2. Do you believe in an afterlife?

Sometimes but it’s not something I spend a tremendous amount of time thinking about.

I mean the problem with the afterlife, to borrow a line from Harper Lee, is that you spend all your time in this world preparing for the next. If either an eternal heaven or an eternal hell awaits immediately after this life, this life is sort of irrelevant. What’s 100 years next to hundreds of trillions of years? That would imply that people should spend all their time in this life preparing for that immortal outcome, but I actually think there’s lots of work to do in this world, and in my faith tradition, God became a person to tell us about that work and ask us to do it together. I think we should focus on trying to do it.

3. What is that work?

That the last shall be first, that the meek shall inherit the earth, and that wherever we see the oppressed or marginalized, we see God.

I believe it is easier for a camel to go through the eye of a needle than for a rich man to enter the kingdom of heaven.

I believe in feeding the hungry and curing the sick and offering preferential options to the poorest and most vulnerable among us.

Also, there’s the central promise of forgiveness, which kind of forms the backbone of my personal theology. The idea that forgiveness is available to all people at all times – including unto and beyond death – is called “radical hope”. Radical hope is my ground of being. I believe that while hope is obviously not always rewarded, it is always justified. I think hope is the right response to the miracle of consciousness.

Now, I don’t always act in line with that belief, but I don’t always act in line with lots of my beliefs, which is why I’m in need of forgiveness. I constantly miss the mark; I hoard wealth even though I know it’s a sin to do so; I don’t treat my neighbors as I myself would wish to be treated, even though I know that I ought to; I fail to live in accordance with my values every single day – and I’m not even sure if my values are the correct ones – so I am in constant need of forgiveness. Fortunately, it is available to me.

4. Do you believe the Bible is the literal word of God?

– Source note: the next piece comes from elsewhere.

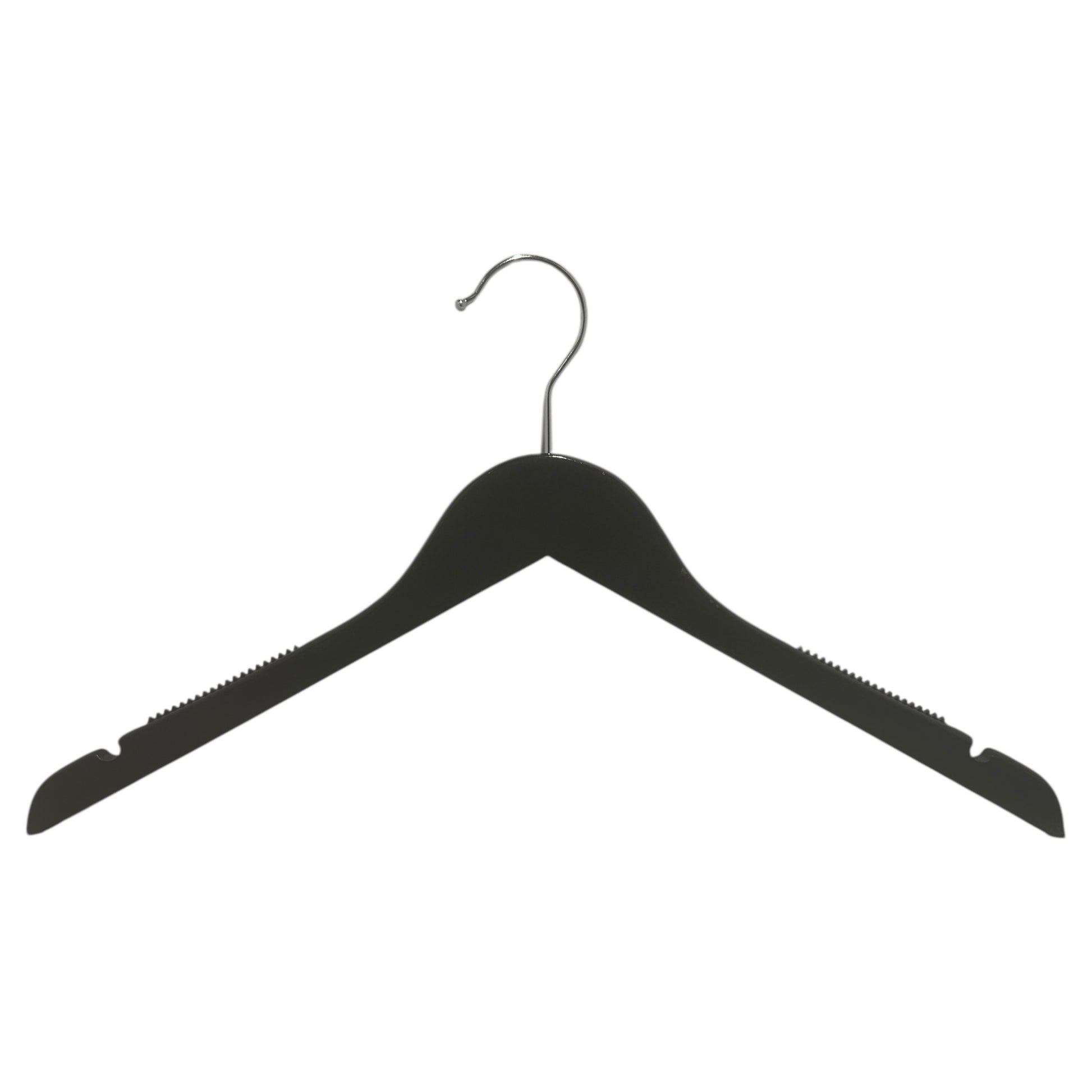 Træbøjle, massiv, flad, voksen, med gummi og hak, uden stang, sort, 12 mm tyk, 45 cm

This is going to annoy a lot of people, but I actually don’t think it’s possible to read a text literally because I think text is inherently figurative. Text is scratches on a page that we turn into ideas in our head. That’s a figurative experience. So I think we have to make room for interpretation.

I think we have to make room for the fact that the Bible is a series of documents written in a historical context. A historical context that I cannot fully fathom.

So I feel quite comfortable applying interpretive lenses to any sacred text, which is useful for me because when the Bible justifies slavery – which it does – I can be like, “Yeah, but I’m still opposed to slavery.”

Also, there are contradictions in the Bible that cannot and should not be reconciled. In four gospels, Jesus has three different sets of last words.

I nonetheless find reading the Bible helpful. I also find other sacred texts to be full of wisdom and insight, but when I’m looking for like personal orientation, I do often turn to the Bible.

To be clear, there’s a lot in the Bible that I find out of step with my worldview. I don’t believe that my friends who are divorced are separated from God’s love because of that divorce, even though Jesus says otherwise.

So do I pick and choose? I guess. What I do is take an interpretive lens to reading, which I think everyone does. It’s just a question of whether you’re conscious of the fact that you’re taking an interpretive lens to reading.

5. Do you believe in evolution?

Yeah. I also believe in a heliocentric solar system and that the earth is round.

6. Do you believe in trans rights and marriage equality?

I do. I simply believe that being the person God made you to be cannot separate you from God’s love.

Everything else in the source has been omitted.